И точно, на себе испытала. Другая хозяйка так разобидится, что и не знаешь, как быть.
Как-то сдружились мы, и жить интересно стало. Иной раз соберемся вместе, пойдем деревенской улицей. Доски деревянного тротуара так и гнутся, пружинят под босыми ногами. Сразу видно – сила идет. Даже галстуки стали надевать, уговорила все-таки.
И Танька будто чуть ожила, но только о доме вспомнит, сразу поскучнеет: «У Майки-то нашей одни мослы торчат. Худющая стала, страх. Только воду пьет и пьет. И матерь рядом с ней убивается. Намедни просит: «Сходи в поселок. К батюшке. Можа, он что и посоветует. Святой воды даст. Или что. Я сама б пошла. Да не дойду».

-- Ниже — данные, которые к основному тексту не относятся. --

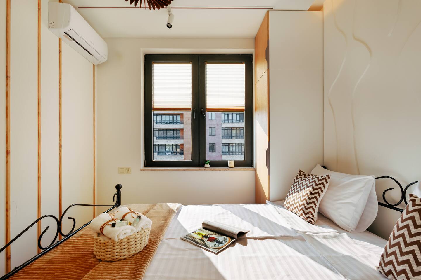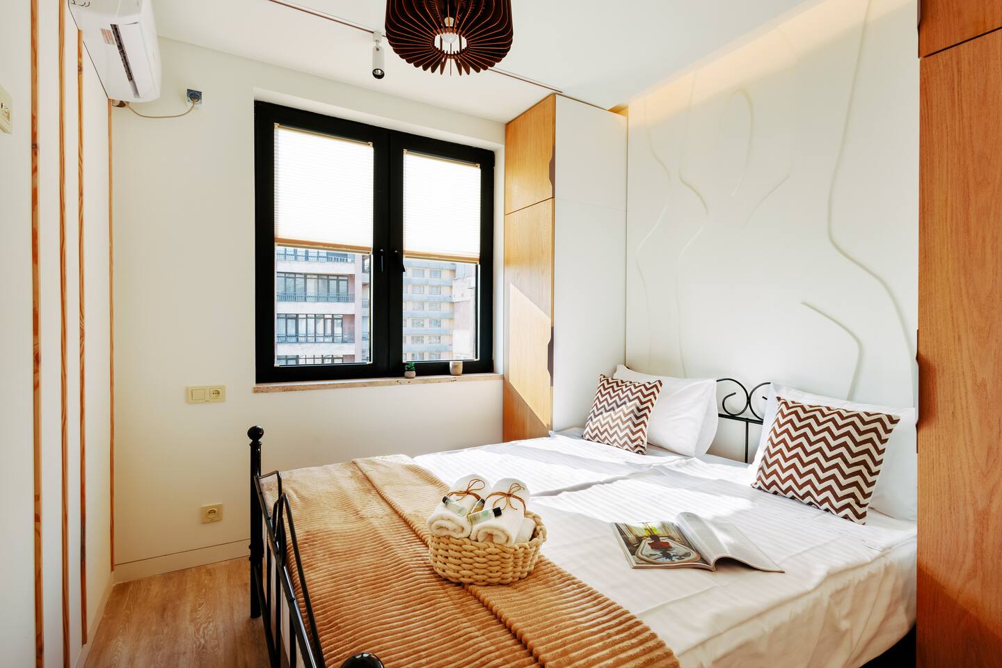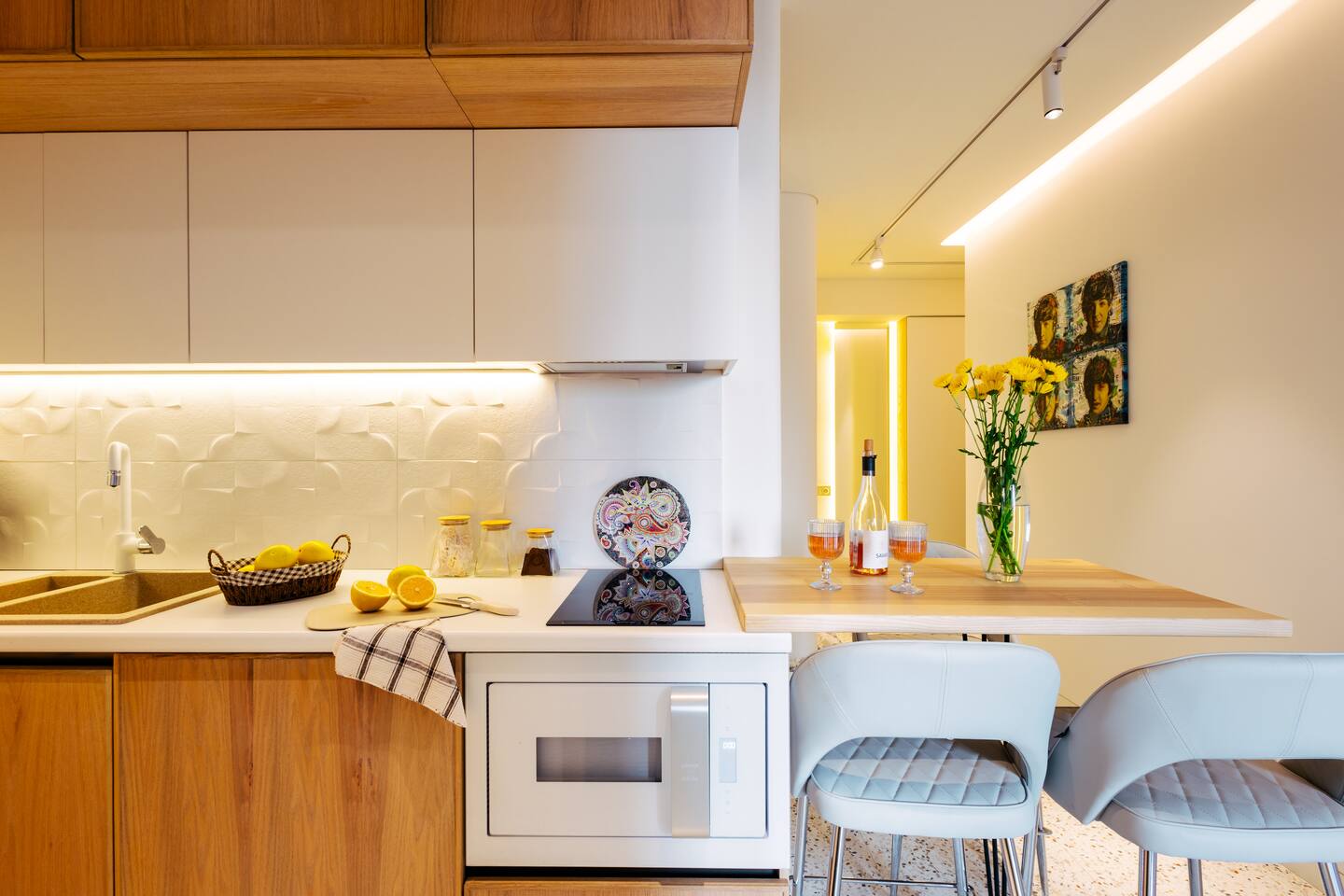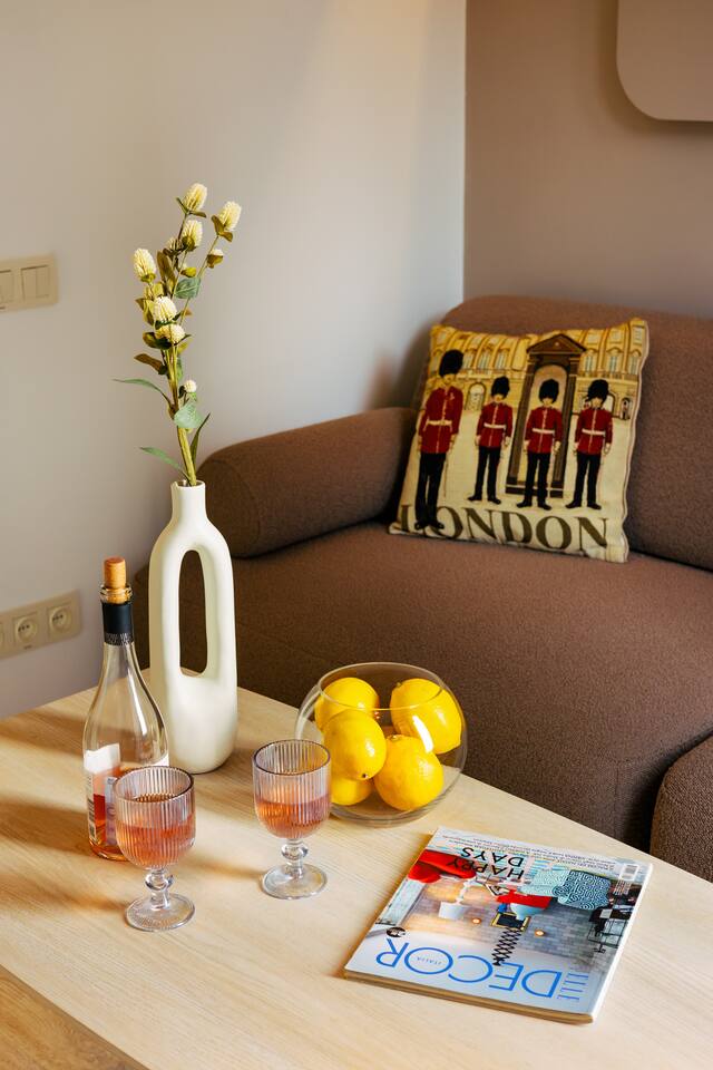 Welcome to "Cortado" by Hotelise – A Designer's Vision Brought to Life. "Cortado" isn’t just another place to stay; it’s a personal creation by a renowned designer and architect who has thoughtfully crafted every detail. From the colors to the textures, every corner reflects their vision, making this space feel like a true home with unique character. This is one of three neighboring properties, alongside Latte and Frappe, all designed to deliver a one-of-a-kind Airbnb experience. Perfect for individual stays or group bookings, each apartment offers its own distinct charm while sharing the same dedication to comfort and style. Location: Nestled just behind Ani Hotel on Sayat Nova Street, "Cortado" boasts an unbeatable location in Yerevan. Minutes from Swan Lake and Northern Avenue, yet tucked into a peaceful neighborhood, it offers the best of both worlds: city vibrancy and quiet retreat. Living Room and Kitchen: The living area is bathed in natural light through floor-to-ceiling windows, featuring soft cream tones, natural wood accents, and versatile lighting to match your mood—from bright mornings to cozy evenings. Relax on the comfortable sofa with a Smart TV and enjoy the city view from the French balcony. The compact, fully-equipped kitchen includes ample storage, a fridge, microwave, electric stove, and eye-catching backsplash. It’s designed for practicality and enjoyment, whether you’re cooking a full meal or just making coffee. Bedroom: The bedroom invites you to unwind with a plush king-sized bed, a premium mattress, and a striking feature wall. Soft ambient lighting and a large window create a serene atmosphere, while air conditioning ensures comfort throughout your stay. Bathroom: The premium bathroom is designed with elegant tiles, a sleek shower cabin, and high-end fittings. From the water pressure to the finer details, every element ensures a luxurious experience. At Hotelise, we create more than just places to stay; we craft memories. "Cortado" is your chance to experience thoughtful design, curated comfort, and the warmth of a space made with care. Book your stay and discover the difference for yourself.
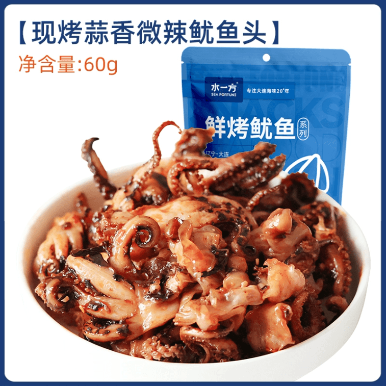 【中国直邮】 水一方 大连特产碳烤蒜香微辣鱿鱼头60g*1袋 | 亚米
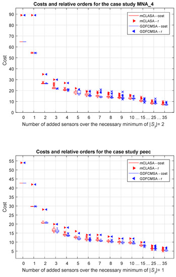 It is visible that in all cases both the cost functions and the relative orders of the observed state variables decrease significantly as the number of sensors increases, so a relatively small quantity of additional sensors can cause a noticeable improvement in terms of the relative order compared to the observer designed only to ensure observability. It can also be pointed out that additional sensors ( 25 or 35) do not significantly reduce the order of the system.
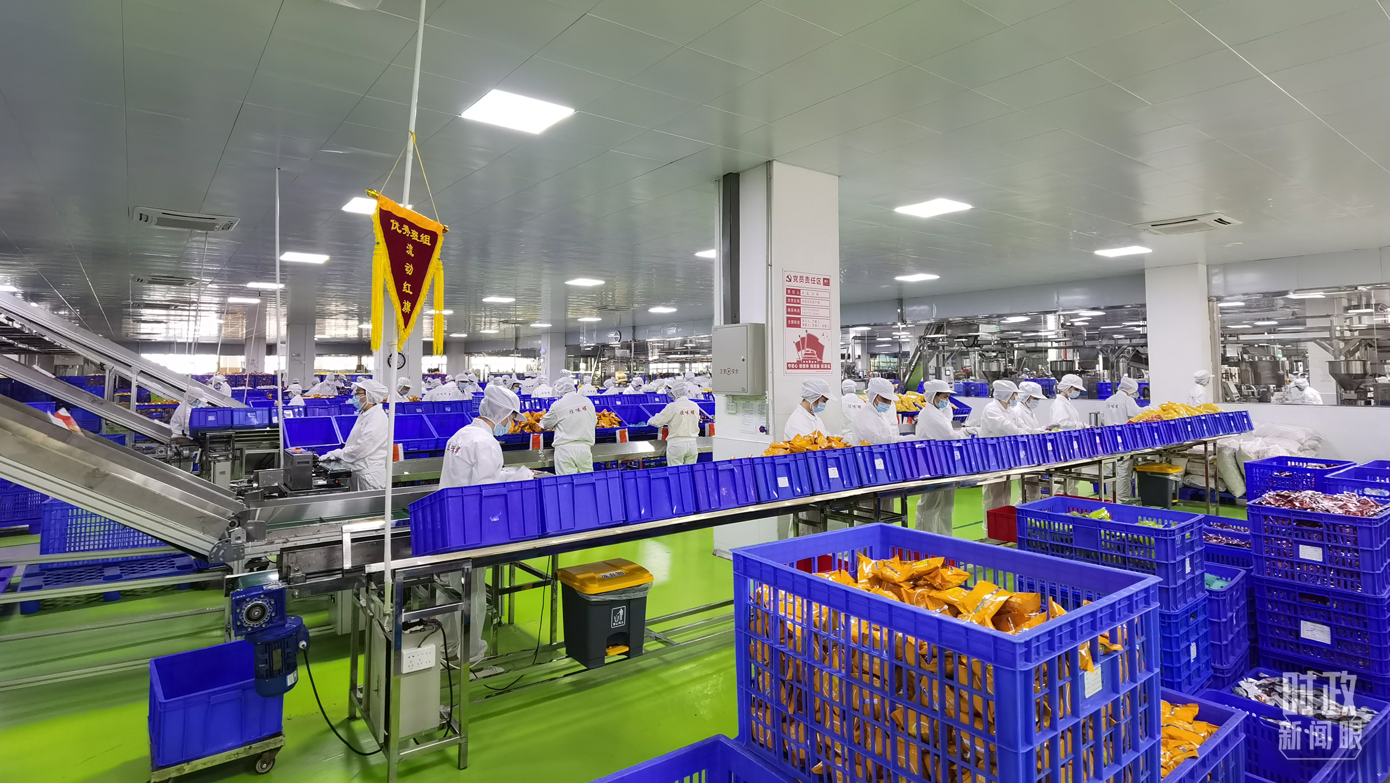 △廣西柳州,工人在螺螄粉生產(chǎn)車間生產(chǎn)線上包裝袋裝螺螄粉。2021年,習(xí)近平到柳州螺螄粉生產(chǎn)集聚區(qū)調(diào)研,鼓勵(lì)民營(yíng)企業(yè)大膽地去發(fā)展。(總臺(tái)央視記者郭鴻拍攝)
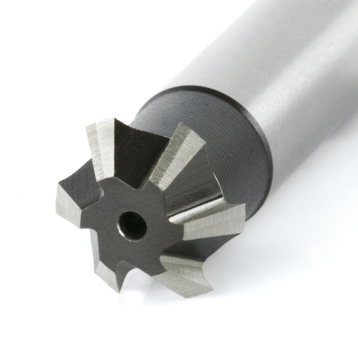 Freze cu coadă de rândunică inversată din HSSE WRK cu un tratament de suprafață lucios, ideale pentru frezare laterală, chamfer și adâncituri unghiulare pe toate materialele.
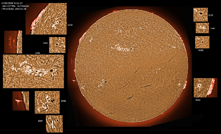 The light bridge across 3245 is very evident in H-alpha. Interesting prominence on the E limb.
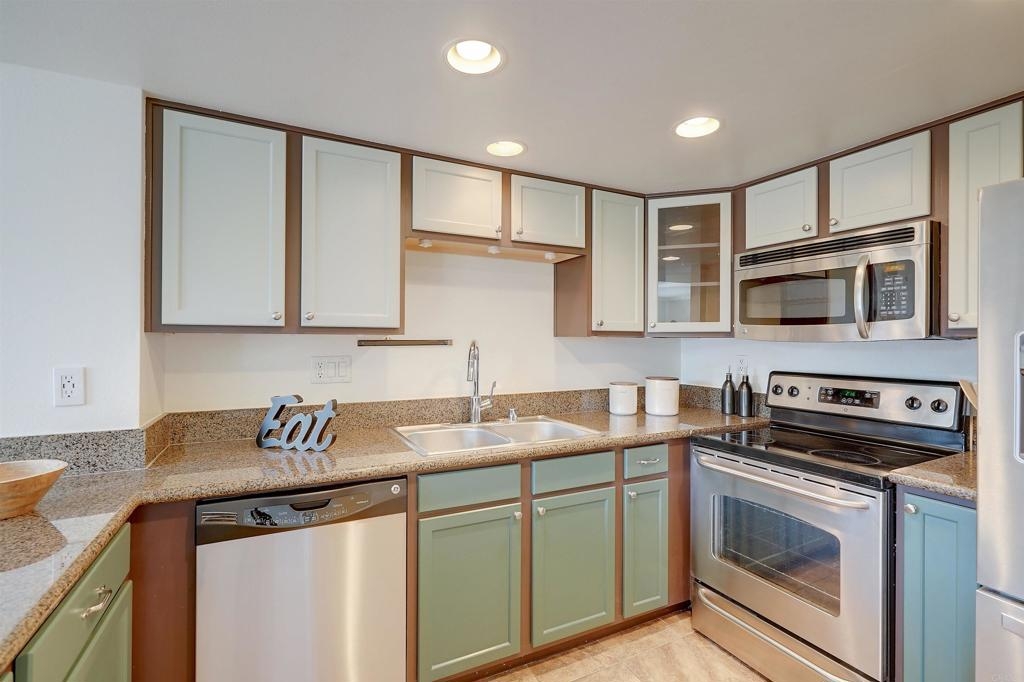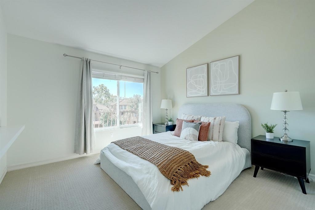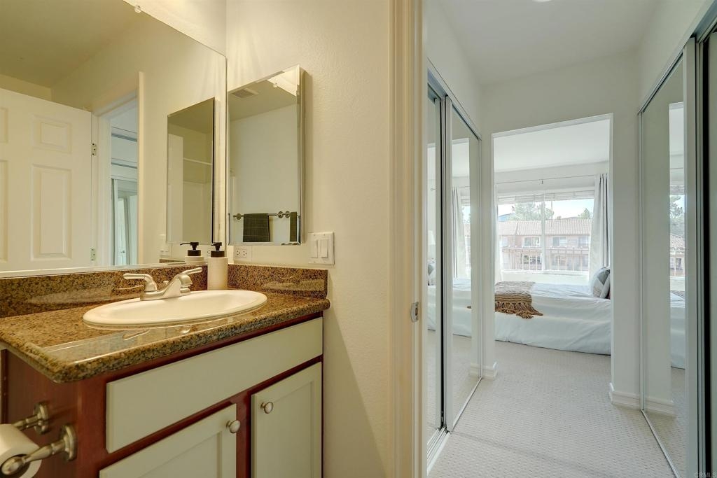 Nestled in the desirable Rancho Bernardo community, this light-filled condo offers a bright and inviting atmosphere. Recent interior paint, and modern updates throughout. The open living space is highlighted by sleek laminate wood flooring, plush new carpeting in the bedrooms, and a kitchen that boasts granite countertops, stainless steel appliances, and recently painted cabinets for a clean, contemporary feel. The unit is quiet and away from the main roads and is situated in the center of the community. Resort-style amenities include a clubhouse for gatherings, two sparkling pools, relaxing jacuzzis, BBQ grills, tennis courts, a fitness center, a full gym, and a dance studio—all within the community. Located near Turtleback Elementary School in the award-winning Poway Unified School District.
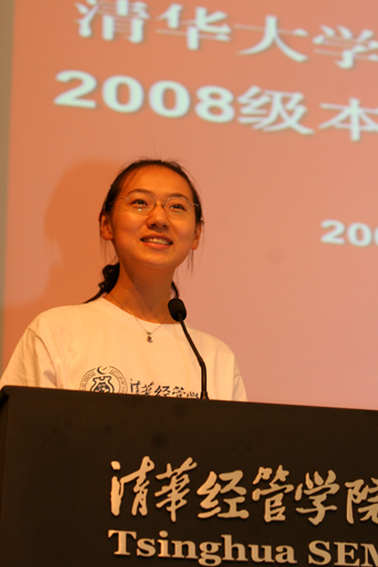 本科新生代表王璐的发言慷慨激昂。她说:“来到清华只有短短的几天,可这里的一切都让我深深地震撼”。“经管学院是我们每个人梦想中的家园,能够在‘兼容中西文化,荟萃名人大师’的清华园学习,能够在兼具丰厚的本土情怀和宽广的国际视野的经管学院成长,是我们全体新生无比的光荣与幸运。”她庄严承诺,“路才刚刚开始,为了这份梦想,我们将淡泊于过往的辉煌,不断充实和丰富自己;见贤思齐,上下求索;用乐观、平和的心态,面对生活中的困难与挑战;全力以赴,无愧于经管的信任与选择,在未来的人生路上越走越远。做合格的、优秀的、一辈子的经管人。”

– Тань! Неужели пойдешь? – вскинулась я.
– Уж и не знаю, чего делать. Больно матерь жалко. Ладно бы дралась или ругалась. А то просить. Совсем я с ней извелась.
– И не думай, Танька. Стыда не оберешься. И так просто с рук не сойдет. Пионерка же.
А на следующий день Танька на улице не появилась. «Все-таки пошла. Не послушалась», – подумала я и не ошиблась. Митька подтвердил:
– Татька к батюшке пошла. Мамка велела.
– Ну, погоди! – взъярилось во мне мое командирство.
Вспомнились мои городские подруги, да если кому рассказать – обхохочутся. Не поверят, чтоб пионерка – да в церковь! И из-за чего? Из-за коровы. Конечно, нечего говорить, тетку Лизавету жалко. Да ведь что получается? Раз пожалеешь. Другой. А там, глядишь, и все убеждения под корень из-за этой жалости. Нет уж, так нельзя.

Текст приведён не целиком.